There being no issue as to Ryals’ negligence and no other insurance as to the Harris automobile, the Government Employees Insurance Company insurance must be treated as primary coverage, in view of our determination that Ryals was not acting in the scope and course of his employment. For this reason there can be no contribution by The Home Indemnity Company.

We find the facts pertaining to Ryals’ status to be briefly, as follows: The State of Mississippi was assigned to Ryals as his territory in which to sell the service of the Credit Bureau. Louisiana and Arkansas made up the territory of employee Harris. These employees worked their respective areas on their own time in their own way. They were required to make weekly reports of their accomplishments and business prospects. It was to receive instructions from Parker Smith, the Credit Bureau’s district manager, on a change in manner and time of making such reports that brought Ryals and Harris to New Orleans on that occasion. These employees received no mileage or automobile or travel expenses and no payment for their time to attend the meeting. The employer did not deduct any amount for social security or income tax. Their compensation for services rendered was entirely on a percentage commission of the amount of business realized for the Credit Bureau. Under these facts and circumstances this case definitely falls within the general rule that a traveling salesman is not acting within the scope of his employment while en route to attend a meeting of salesmen at the request of the employer. Moreover, even if the requirement of Ryals by his employer to attend the meeting in New Orleans be construed to bring Ryals within the scope of his employment while en route to the meeting, that requirement could not be stretched to include any and all travel for pleasure or other purpose while in New Orleans. Therefore, before Ryals could be held to be within the scope of his employment he should be required to prove that he was actually traveling to *650the meeting at the time of the accident. Ryals testified that he did not remember where he was going at the time of the accident or for what purpose.
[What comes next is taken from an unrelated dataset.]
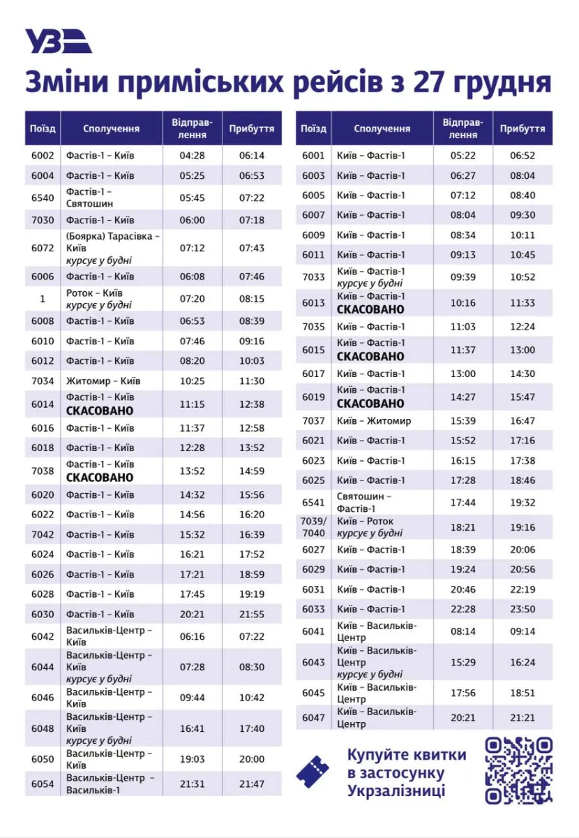 Крім того, з 27 грудня тимчасово не курсують п’ять найменш населених денних приміських рейсів. Водночас рух у напрямку Києва, Козятина, Житомира, Боярки, Білої Церкви, Миронівки, Тарасівки, Славутича та Чернігова збережено.

This particular subject has been discussed in several Louisiana decisions including the cases of Taylor v. State Farm Mutual Automobile Ins. Co., La.App., 171 So.2d 816; Wills v. Correge, La.App., 148 So.2d 822; Romero v. Hogue, La.App., 77 So.2d 74 and Gallaher v. Ricketts, La.App., 191 So. 713.

There are some decisions which have held that employees attending meetings called by the employers were acting in the scope of their employment but in those cases there are distinguishing circumstances to require a different ruling. None of the circumstances applicable in those cases which held the employees to be acting within the scope of their employment, when attending meetings called by the employer, is present in the case now before this court, except the bare fact that the employer required the employee to attend the meeting. The leading cases on this subject are as follows: O’Brien v. Traders and General Insurance Company, La.App., 136 So.2d 852, and Le Blanc v. New Amsterdam Casualty Co., 202 La. 857, 13 So.2d 245.

For these reasons it is ordered that that part of the final judgment of the trial court of date February 8, 1968, in favor of third-party plaintiff, Government Employees Insurance Company, and against third-party defendant, The Home Indemnity Company, awarding the sum of four-fifths of any amount paid to John Drude by the third-party plaintiff be and the same is hereby reversed.

It is now ordered, adjudged and decreed that judgment be in favor of third-party defendant, The Home Indemnity Company, and against third-party plaintiff, Government Employees Insurance Company, dismissing the claim of said third-party plaintiff at its cost.

It is further ordered, adjudged and decreed that said final judgment of the trial court of February 8, 1967, in all other respects be and it is hereby affirmed, with costs to be paid by Government Employees Insurance Company.

Reversed in part and affirmed in part.